**The problem:** Below are the records; give again exactly the lines from the one containing "巴厘岛一流的酒店,二流的海滩" through the one containing "()Trump won we", leaving out pictures.

*** Dataset entries ***

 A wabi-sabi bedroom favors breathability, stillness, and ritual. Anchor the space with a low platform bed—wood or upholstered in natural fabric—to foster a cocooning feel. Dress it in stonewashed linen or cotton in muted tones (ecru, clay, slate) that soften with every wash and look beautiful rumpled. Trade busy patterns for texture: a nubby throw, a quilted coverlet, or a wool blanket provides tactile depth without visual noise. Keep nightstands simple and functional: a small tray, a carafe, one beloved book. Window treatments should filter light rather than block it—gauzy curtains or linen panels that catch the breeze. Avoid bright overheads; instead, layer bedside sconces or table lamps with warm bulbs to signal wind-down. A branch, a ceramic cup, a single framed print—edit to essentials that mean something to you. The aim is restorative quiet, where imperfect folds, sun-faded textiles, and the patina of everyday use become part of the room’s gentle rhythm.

***
*** Dataset entries ***

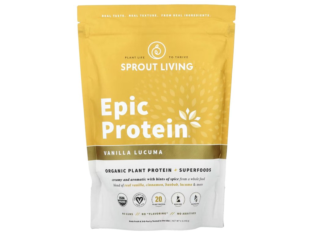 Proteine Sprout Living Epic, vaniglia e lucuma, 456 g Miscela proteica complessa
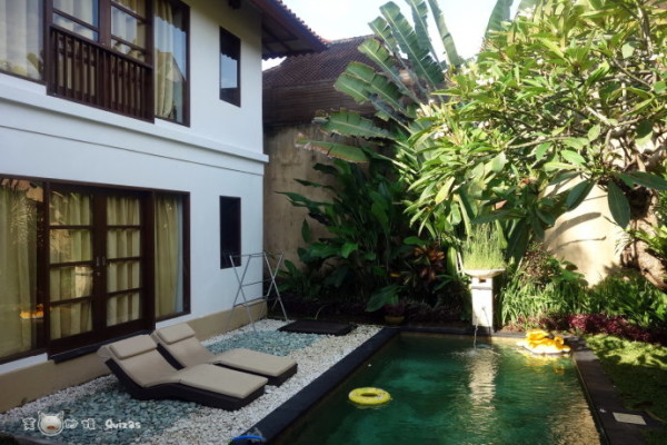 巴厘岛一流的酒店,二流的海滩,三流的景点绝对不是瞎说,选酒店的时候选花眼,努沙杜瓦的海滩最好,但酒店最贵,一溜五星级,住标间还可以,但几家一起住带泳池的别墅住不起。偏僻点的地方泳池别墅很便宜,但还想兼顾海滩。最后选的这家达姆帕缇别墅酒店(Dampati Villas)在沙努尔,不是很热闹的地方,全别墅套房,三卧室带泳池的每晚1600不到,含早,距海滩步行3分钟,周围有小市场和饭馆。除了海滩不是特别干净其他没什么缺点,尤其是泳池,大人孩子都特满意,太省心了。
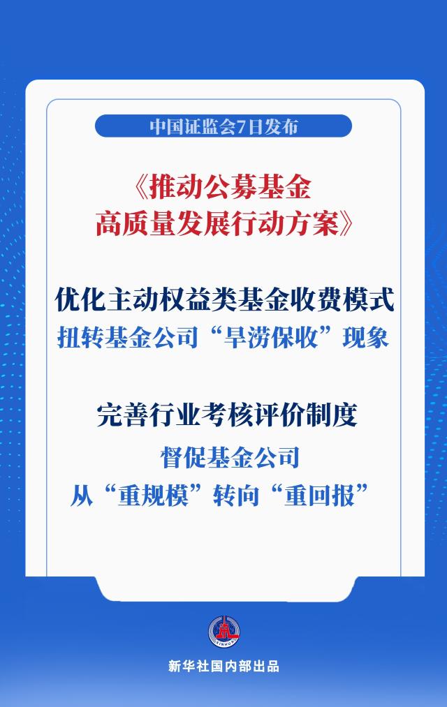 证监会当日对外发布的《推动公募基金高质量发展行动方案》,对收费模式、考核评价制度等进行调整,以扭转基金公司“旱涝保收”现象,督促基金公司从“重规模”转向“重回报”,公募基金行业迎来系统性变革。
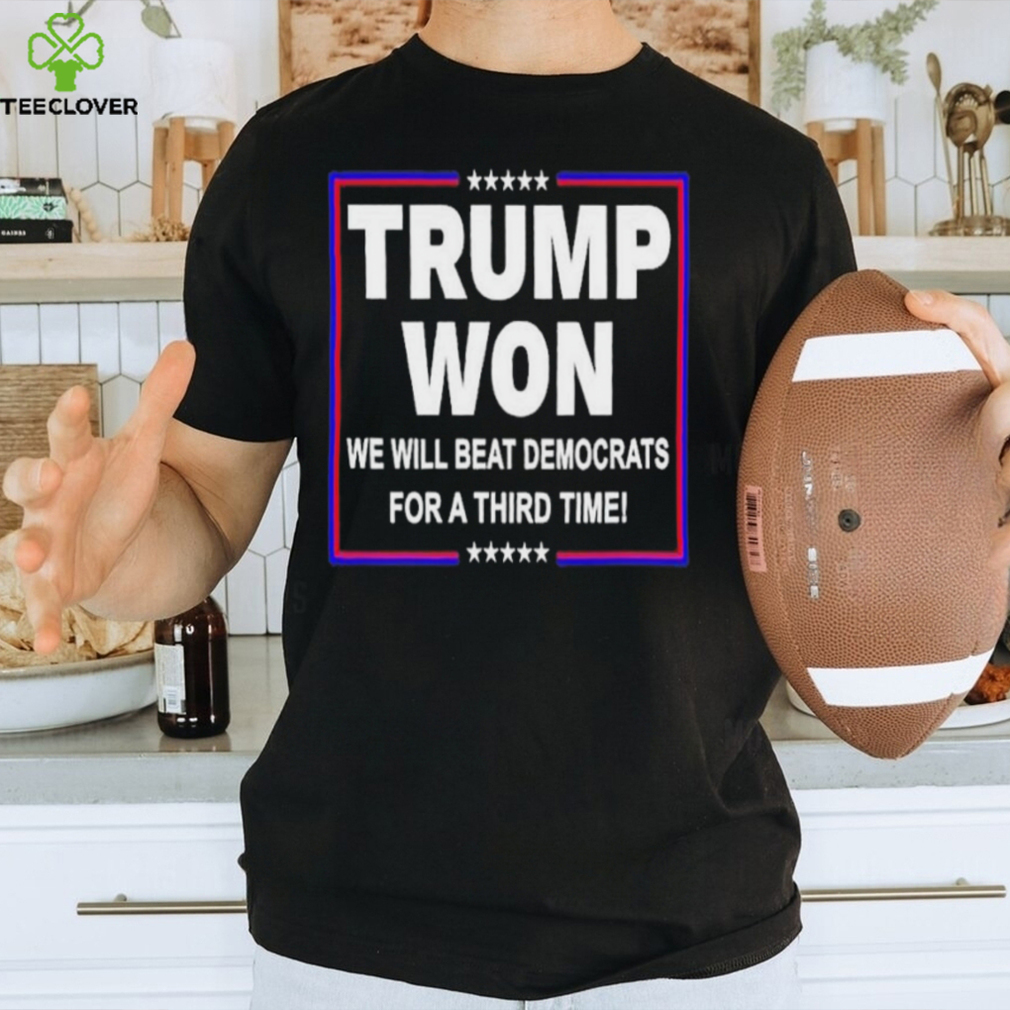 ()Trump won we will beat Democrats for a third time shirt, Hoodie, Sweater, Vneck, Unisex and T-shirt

***
*** Dataset entries ***

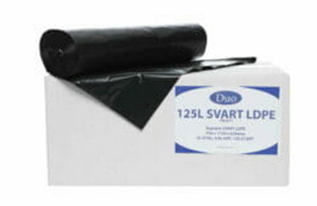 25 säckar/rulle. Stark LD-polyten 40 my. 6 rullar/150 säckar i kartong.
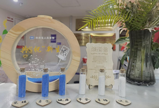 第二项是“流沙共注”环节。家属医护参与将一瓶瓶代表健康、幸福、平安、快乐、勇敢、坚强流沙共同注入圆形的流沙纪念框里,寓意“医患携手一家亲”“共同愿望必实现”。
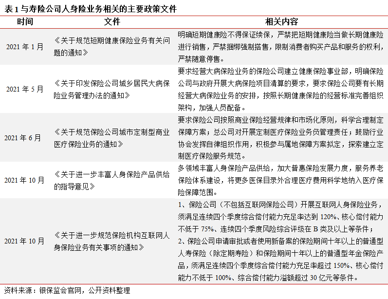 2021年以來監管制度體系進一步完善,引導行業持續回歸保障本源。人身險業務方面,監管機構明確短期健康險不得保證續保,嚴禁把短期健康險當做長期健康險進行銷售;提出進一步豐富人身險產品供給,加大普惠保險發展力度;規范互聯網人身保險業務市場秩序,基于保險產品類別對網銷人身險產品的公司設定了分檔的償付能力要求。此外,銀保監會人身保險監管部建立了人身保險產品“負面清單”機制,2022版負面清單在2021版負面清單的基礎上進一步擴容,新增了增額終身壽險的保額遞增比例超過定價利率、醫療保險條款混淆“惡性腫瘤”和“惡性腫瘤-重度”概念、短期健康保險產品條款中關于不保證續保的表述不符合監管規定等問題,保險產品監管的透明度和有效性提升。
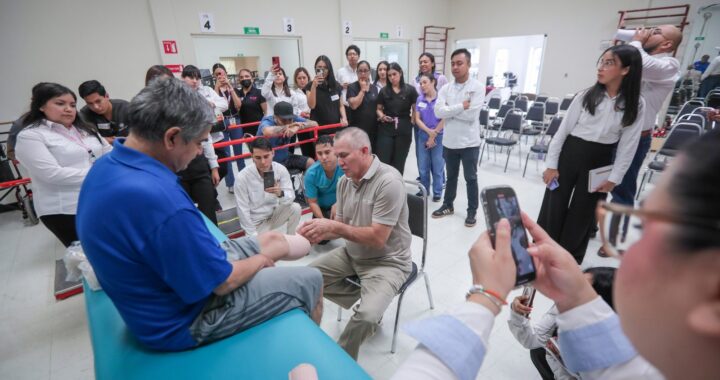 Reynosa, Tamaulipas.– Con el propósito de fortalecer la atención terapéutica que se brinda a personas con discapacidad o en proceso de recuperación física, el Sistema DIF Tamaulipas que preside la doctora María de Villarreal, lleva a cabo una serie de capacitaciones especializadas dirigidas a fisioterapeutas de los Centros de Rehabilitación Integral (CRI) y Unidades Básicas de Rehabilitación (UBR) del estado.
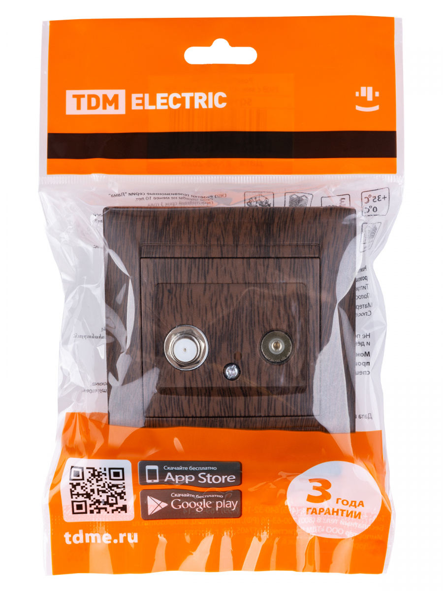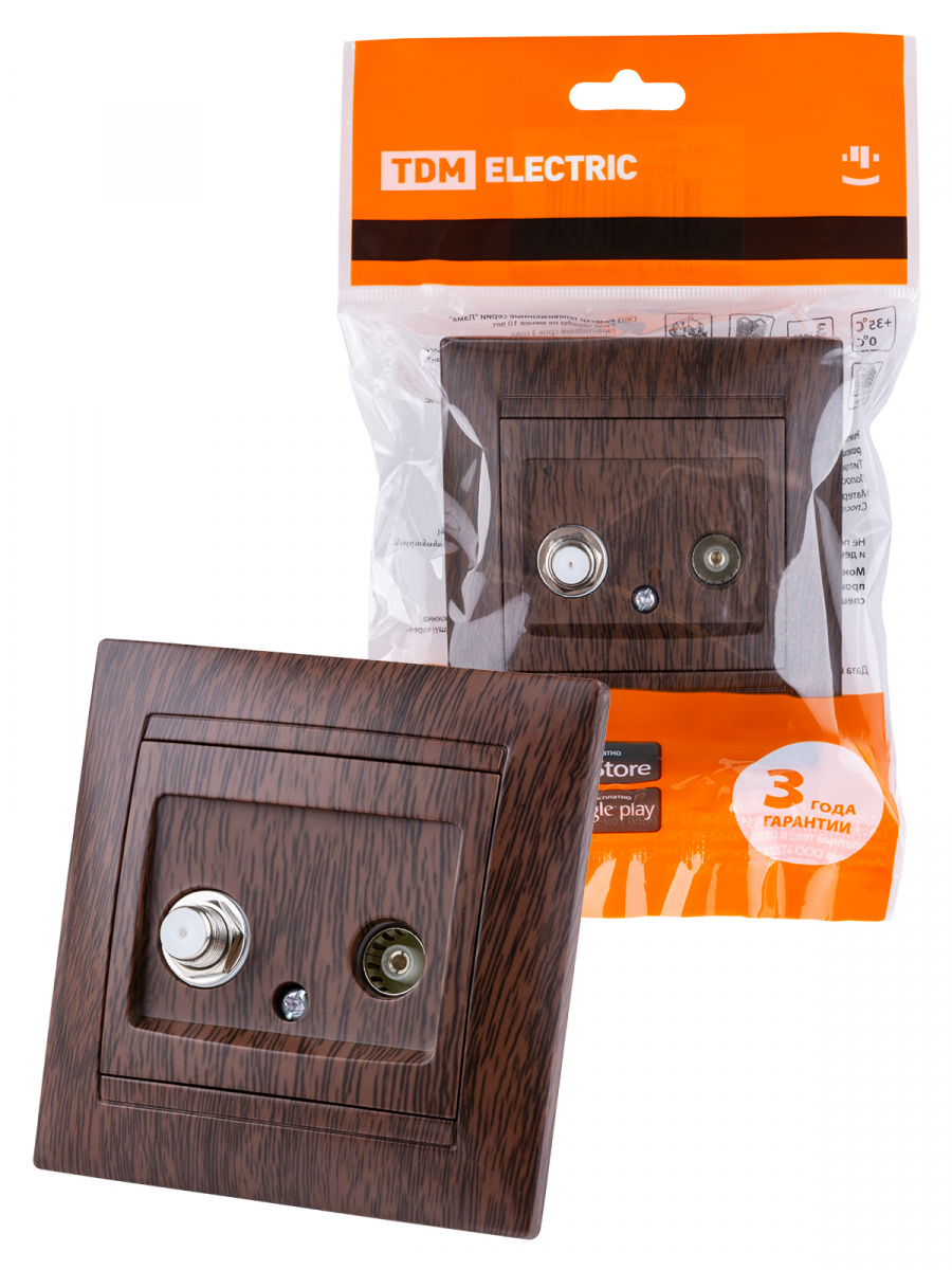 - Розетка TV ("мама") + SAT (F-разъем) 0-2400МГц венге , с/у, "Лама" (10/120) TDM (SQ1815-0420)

***

**Exercise response:**
 巴厘岛一流的酒店,二流的海滩,三流的景点绝对不是瞎说,选酒店的时候选花眼,努沙杜瓦的海滩最好,但酒店最贵,一溜五星级,住标间还可以,但几家一起住带泳池的别墅住不起。偏僻点的地方泳池别墅很便宜,但还想兼顾海滩。最后选的这家达姆帕缇别墅酒店(Dampati Villas)在沙努尔,不是很热闹的地方,全别墅套房,三卧室带泳池的每晚1600不到,含早,距海滩步行3分钟,周围有小市场和饭馆。除了海滩不是特别干净其他没什么缺点,尤其是泳池,大人孩子都特满意,太省心了。
 证监会当日对外发布的《推动公募基金高质量发展行动方案》,对收费模式、考核评价制度等进行调整,以扭转基金公司“旱涝保收”现象,督促基金公司从“重规模”转向“重回报”,公募基金行业迎来系统性变革。
 ()Trump won we will beat Democrats for a third time shirt, Hoodie, Sweater, Vneck, Unisex and T-shirt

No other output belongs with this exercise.